Less than one week til we leave for New Orleans and I can’t quite figure out if it feels more real or more dreamlike at this point. May seem strange, but truth often is. On one hand, seeing my bag half-packed on my floor and reading the itinerary emails Tanya and Pascal sent out surely adds to the realness. My mind is running through lists and making imaginary check marks in my brain as I finish the housekeeping tasks that I must complete before locking up my apartment and saying so long to Toronto for a brief – yet inviolable – period of time. However on the other hand, each day that goes by seems a little more unreal than the last. I’m so used to my daily routine in Toronto, having lived on my own in the same apartment for over three years, that any trip becomes quite a production in my mind. I’m a bit of a homebody, so breaking out of my usual habits and going somewhere new is a pretty exciting thought. Funny, because there was a time in my life when almost every day involved going somewhere new… and yet simultaneously staying home. What a privilege to be able to travel for pleasure and know that your home will still be there when you return. Although I believe this is a privilege all should have the right to enjoy, it is clear this is not a reality. It is a rare and wonderful thing to be able to say one’s home is “safe and sound” and I’m humbled by the thought of being able to help others make this dream a reality.

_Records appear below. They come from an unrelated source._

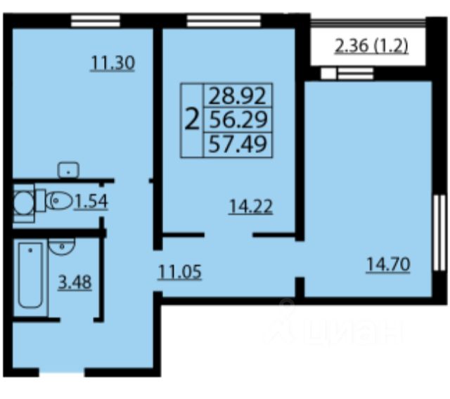 Общая площадь составляет 57 кв. м, из которых жилая площадь — 29 кв. м, а кухня — 10 кв. м.
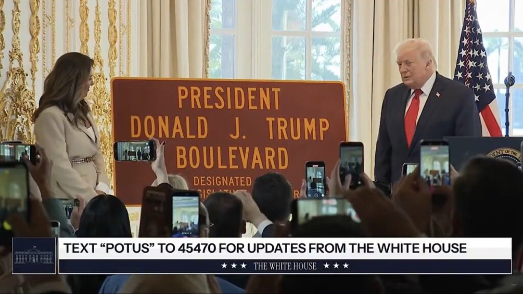 President Trump unveils the President Donald J. Trump Boulevard sign at Southern Boulevard Dedication Ceremony President Trump will participate in a ceremony this afternoon, where a four-mile stretch of Southern Boulevard between the airport in West Palm Beach, Florida, and his Mar-a-Lago resort will be formally renamed “President Donald J. Trump Boulevard.” The “Southern Boulevard Dedication Ceremony” will be held at Mar-a-Lago. Per CBS 12: Six months after Palm Beach County commissioners voted 7-0 to rename a stretch of Southern Boulevard after President Donald Trump, a dedication ceremony for the formal name change will take place today. President Trump is expected to attend the ceremony today at Mar-a-Lago at 3:15 p.m. when the segment of Southern Boulevard between Kirk Road and South Ocean Boulevard —…
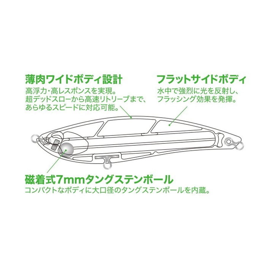 小さな巨人!ボディサイズを超える圧倒的アピール力!高浮力ワイドボディがもたらすトルクフルな水押しで抜群のアピール力を誇るフラットサイドリップレスミノーが誕生!広範囲から魚を呼ぶパワーを持ちながら、違和感なくバイトに持ち込むコンパクトな95ミリサイズに設定。優れたレンジコントロール性能と高いアクションレスポンスであらゆる攻め方に対応。7mmタングステンボール搭載で抜群の飛距離とキャストフィールを実現しています。【薄肉ワイドボディ設計】高浮力・高レスポンスを実現。超デッドスローから高速リトリーブまで、あらゆるスピードに対応可能。【フラットサイドボディ】水中で強烈に光を反射し、フラッシング効果を発揮。【磁着式7mmタングステンボール】コンパクトなボディに大口径のタングステンボールを内蔵。
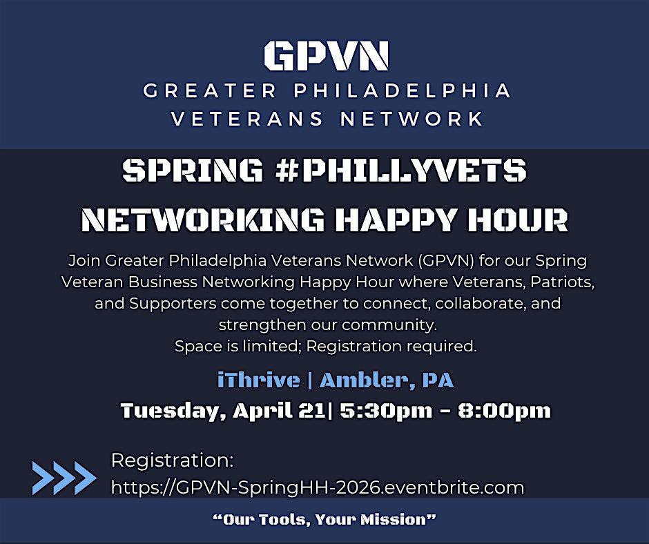 Join Greater Philadelphia Veterans Network (GPVN) for our Spring Veteran Business Networking Happy Hour where Veterans, Patriots, and Supporters come together to connect, collaborate, and strengthen our community.
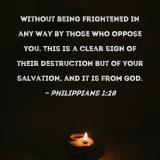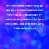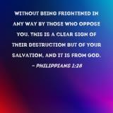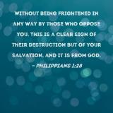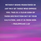 without being frightened in any way by those who oppose you. This is a clear sign of their destruction but of your salvation, and it is from God.
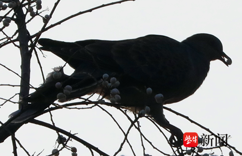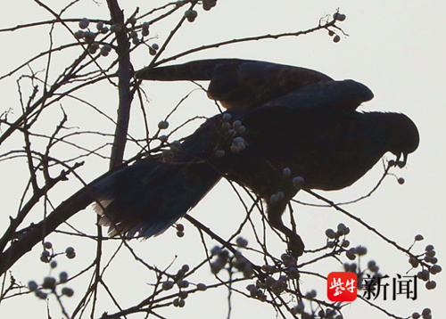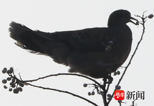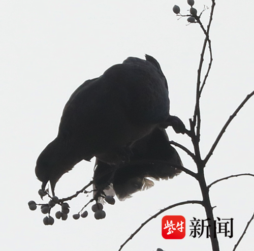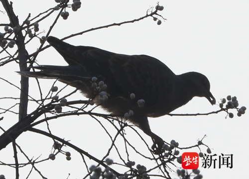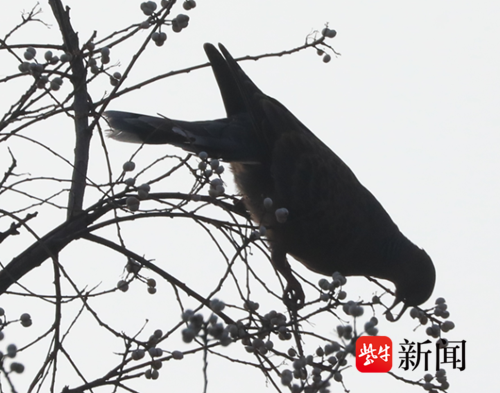 现场发现,十多只斑鸠在高大的乌桕树上“就餐”。乌桕果子对于斑鸠来说毫不费力,只要选中了一颗,用力一揪,乌桕果实就到了嘴里。斑鸠甚至还在树枝上,玩起高难度倒挂金钩绝活。这几棵树上热闹非凡,各种鸟儿争相啄食,仿佛在进行一场大自然的盛宴。
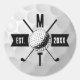 Golf Ball Texture & Club Initial Monogram Classic Round Sticker
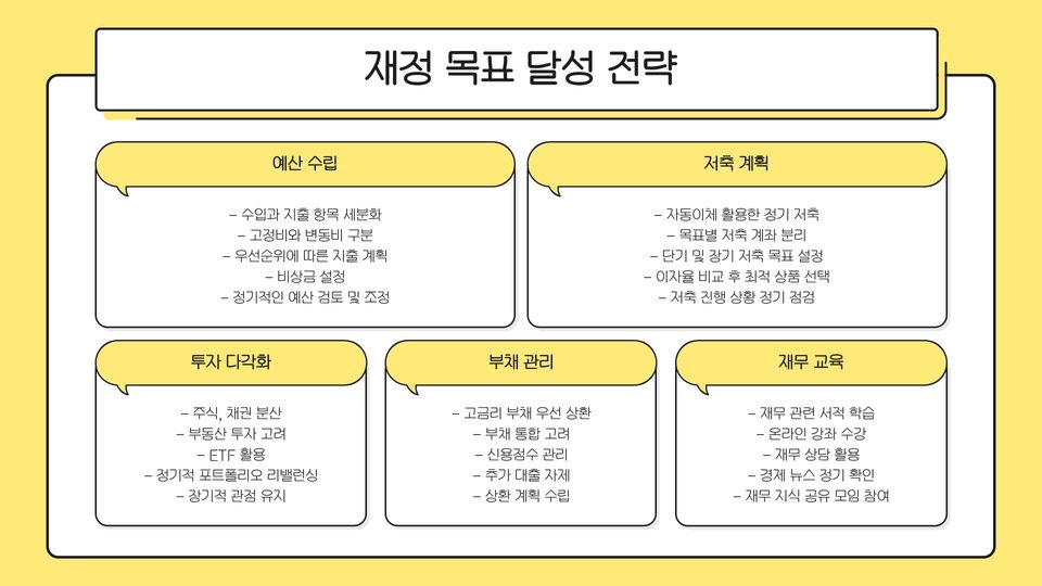 목표 설정 | SMART 원칙에 따라 구체적인 목표를 설정하라. |

Although this trip is really nothing like living and travelling on a sailboat, I find myself naturally drawing comparisons: the living quarters will be small and communal, we’ll be on the move a lot, we may encounter things that seem unfamiliar, we may miss home, we’ll definitely be excited to learn about our surroundings, and we’ll certainly be eager to contribute in relevant and positive ways that benefit those who have been gracious enough to host our stay. Most importantly, regardless of how much we read and research about our destination and no matter how much we try to wonder, imagine, and anticipate in order to prepare ourselves, the only way to really experience anything is to go and do and be and see and listen.
And so, my dear Internet, that is what I plan to do. Although I immersed myself in learning as much about New Orleans and Hurricane Katrina as possible when I first started this course – and continue to pay attention when I stumble upon new information – I do not want any pre-trip impressions to detract from my ability to experience this new place to the fullest. I look forward to forming my own thoughts and opinions based on all that I go and do and be and see and listen to from April 28th til May 13th, 2012.